If performance problems persist for more than a few minutes, it can be a good idea to e-mail the systems administrators, so that they are alerted to the problem. How to do so is individual on each computer system.
On that note –
4.6.3 E-mailing the systems administrators
When sending an e-mail to support about problems you’re having with a system, it’s really helpful if you include:
- your username and the system you’re working on
- the program or command you’re trying to use, together with as much information about it as possible (version, command line, etc.)
- what you’re trying to do and what’s going wrong (“I’m trying to log in from my laptop to farm on the account datalab-06, and it’s saying ‘connection closed’.”)
- a screenshot or copy/paste of the confusing behavior
- a thank you
This information is all useful because they deal with dozens of users a day, and may be managing many systems, and may not be directly familiar with the software you’re using. So the more information you can provide the better!
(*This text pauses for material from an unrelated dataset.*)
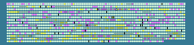 Bartonella henselae str. Houston-1, complete genome - 1..1931047 1488 proteins Pos %G+C SD Location Strand Length PID Gene Synonym Code Product 1 35.27 -1 1..825 + 274 49474832 - BH00010 - hypothetical protein 2 34.00 -1 837..1433 + 198 49474833 maf-1 BH00020 - septum formation maf protein 3 37.53 0 1426..2307 + 293 49474834 aroE BH00030 - shikimate 5-dehydrogenase 4 33.16 -1 2304..2891 + 195 49474835 coaE BH00040 - dephospho-CoA kinase 5 36.58 0 2896..3603 + 235 49474836 dnaQ BH00050 - DNA polymerase III epsilon chain 6 38.73 0 3932..6838 + 968 49474837 polA BH00060 - DNA polymerase I 7 39.91 0 6854..7735 - 293 49474838 - BH00070 - hypothetical protein 8 39.79 0 7827..8600 - 257 49474839 - BH00080 - hypothetical protein 9 33.55 -1 9215..11056 - 613 49474840 - BH00090 - hypothetical protein 10 32.52 -2 11591..12082 - 163 49474841 lspA BH00100 - lipoprotein signal peptidase 11 39.12 0 12079..12942 - 287 49474842 - BH00110 - tRNA/rRNA methyltransferase 12 42.12 0 12930..13862 - 310 49474843 - BH00120 - SAM dependent methyltransferase 13 31.65 -2 14030..14326 - 98 49474844 - BH00130 - hypothetical protein 14 41.58 0 14335..14613 - 92 49474845 ihfB BH00140 - integration host factor subunit beta 15 38.56 0 14805..15455 + 216 49474846 - BH00150 - hypothetical protein 16 37.82 0 15567..16145 + 192 49474847 - BH00160 - hypothetical protein 17 39.12 0 16152..16946 + 264 49474848 - BH00170 - ABC transporter/ATP-binding protein 18 40.22 0 18188..18652 + 154 49474849 ptsN BH00180 - nitrogen regulatory IIA 19 38.43 0 19662..20171 + 169 49474850 - BH00190 - hypothetical protein 20 40.99 0 20212..21438 + 408 49474851 - BH00200 - hypothetical protein 21 34.12 -1 21443..22081 - 212 49474852 - BH00210 - hypothetical protein 22 40.61 0 24179..25840 + 553 49474853 lysK BH00240 - lysyl-tRNA synthetase 23 40.62 0 25840..27417 + 525 49474854 prfC BH00250 - peptide chain release factor 3 24 37.35 0 27517..27840 - 107 49474855 trxA BH00260 - thioredoxin 25 39.85 0 27936..31418 - 1160 49474856 addA BH00270 - ATP-dependent nuclease subunit A 26 41.02 0 31415..34537 - 1040 49474857 - BH00280 - hypothetical protein 27 40.23 0 37929..40394 - 821 49474858 - BH00300 - sensor histidine kinase protein 28 41.06 0 40432..41829 - 465 49474859 ahcY BH00310 - S-adenosyl-L-homocysteine hydrolase 29 40.30 0 43332..44336 - 334 49474860 - BH00320 - NADH-ubiquinone oxidoreductase 30 39.17 0 44374..45693 - 439 49474861 folC BH00330 - folylpolyglutamate synthase 31 40.50 0 45697..46617 - 306 49474862 accD BH00340 - acetyl-CoA carboxylase subunit beta 32 36.25 -1 47628..48347 - 239 49474863 - BH00360 - CysZ-like protein 33 43.45 +1 49481..50893 - 470 49474864 dfp BH00380 - bifunctional phosphopantothenoylcysteine decarboxylase/phosphopantothenate synthase 34 40.14 0 50964..52550 - 528 49474865 aarF BH00390 - ubiquinone biosynthesis protein aarF 35 40.10 0 52554..53336 - 260 49474866 ubiE BH00400 - ubiquinone/menaquinone biosynthesis methyltransferase 36 42.62 0 53453..55885 - 810 49474867 gyrB BH00410 - DNA gyrase subunit B 37 35.29 -1 58671..59540 + 289 49474868 - BH00430 - ABC transporter, periplasmic amino acid-binding protein 38 44.88 +1 59552..61084 - 510 49474869 comM BH00440 - competence protein comM 39 39.45 0 61518..63479 + 653 49474870 - BH00450 - hypothetical protein 40 37.64 0 63479..68125 + 1548 49474871 - BH00460 - hypothetical protein 41 37.13 0 70373..72139 - 588 49474872 msbA BH00480 - ABC transporter, ATP-binding protein 42 38.73 0 72362..72880 - 172 49474873 infC BH00490 - translation initiation factor IF-3 43 39.87 0 73074..73853 + 259 49474874 - BH00500 - hypothetical protein 44 40.70 0 73890..74636 + 248 49474875 - BH00510 - hypothetical protein 45 41.35 0 74859..76031 + 390 49474876 dapE BH00520 - succinyl-diaminopimelate desuccinylase 46 42.42 0 76229..77428 - 399 49474877 hemN BH00530 - coproporphyrinogen III oxidase 47 40.59 0 77425..78072 - 215 49474878 - BH00540 - putative deoxyribonucleotide triphosphate pyrophosphatase 48 42.39 0 78383..79453 + 356 49474879 hrcA BH00550 - heat-inducible transcription repressor 49 41.93 0 79589..80251 + 220 49474880 grpE BH00560 - heat shock protein (hsp-70 cofactor) grpE 50 38.33 0 80379..80918 - 179 49474881 - BH00570 - ABC transporter (permease) 51 42.42 0 81512..81742 - 76 49474882 ptsH BH00580 - phosphocarrier protein 52 40.10 0 81827..82225 - 132 49474883 - BH00590 - PTS system, IIA component 53 39.78 0 82353..82817 - 154 49474884 hprK BH00600 - hypothetical protein 54 40.56 0 82841..84625 - 594 49474885 batS BH00610 - two-component sensor histidine kinase 55 40.39 0 84665..85387 - 240 49474886 batR BH00620 - transcriptional regulator 56 34.21 -1 85828..86283 + 151 49474887 - BH00630 - hypothetical protein 57 39.93 0 86412..86972 - 186 49474888 - BH00640 - hypothetical protein 58 40.57 0 87832..89724 + 630 49474889 dnaK BH00650 - molecular chaperone DnaK 59 42.50 0 89883..91028 + 381 49474890 dnaJ1 BH00660 - heat shock protein DnaJ 60 40.73 0 94170..95075 + 301 49474891 argB BH00690 - acetylglutamate kinase 61 39.20 0 95098..96018 + 306 49474892 - BH00700 - hypothetical protein 62 40.70 0 96596..98401 + 601 49474893 lepA BH00710 - GTP-binding protein LepA 63 40.05 0 98477..99325 - 282 49474894 dapD BH00720 - 2,3,4,5-tetrahydropyridine-2-carboxylate N-succinyltransferase 64 39.24 0 99433..100296 + 287 49474895 - BH00730 - hypothetical protein 65 44.22 +1 100329..101072 - 247 49474896 truA BH00740 - tRNA pseudouridine synthase A 66 41.99 0 101074..102009 - 311 49474897 fmt BH00750 - methionyl-tRNA formyltransferase 67 39.55 0 102009..102539 - 176 49474898 def BH00760 - polypeptide deformylase 68 39.07 0 102631..103815 + 394 49474899 - BH00770 - hypothetical protein 69 42.35 0 103924..104511 + 195 49474900 - BH00780 - hypothetical protein 70 41.27 0 105287..105538 - 83 49474901 - BH00790 - hypothetical protein 71 34.73 -1 105558..105986 - 142 49474902 ibpA1 BH00800 - heat shock protein 72 40.49 0 106095..106835 + 246 49474903 nth BH00810 - endonuclease III 73 40.20 0 1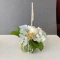 ルスカス ブルーの紫陽花とグリーンのかすみそうを合わせ

4.8 Disk space, file size, and temporary files
You can see how much free disk space you have in the current directory with this command:
df -h .
You can see how much disk space a directory is using with du
:
du -sh ~/
I highly recommend using /tmp
for small temporary files. For bigger
files that you might want to persist but only need on one particular
system, there is often a location called /scratch
where you can make
a directory for yourself and store things. We’ll talk more about that
in workshop
10.
Finally, the command
free
will show you how much system memory is available and being used.
This command:
cat /proc/cpuinfo
will give you far too much information about what processors are available.
Again, we’ll talk more about this in workshop 10 :).
4.9 Summing things up
In this workshop, we talked a fair bit about working on shared systems, setting permissions on files, transferring files around, and otherwise being effective with using remote computers to do things.
In workshop 5, we’ll show you how to customize your software environment so you can do the specific work you want to do. We’ll use CSV files, R, and some bioinformatics tools as examples.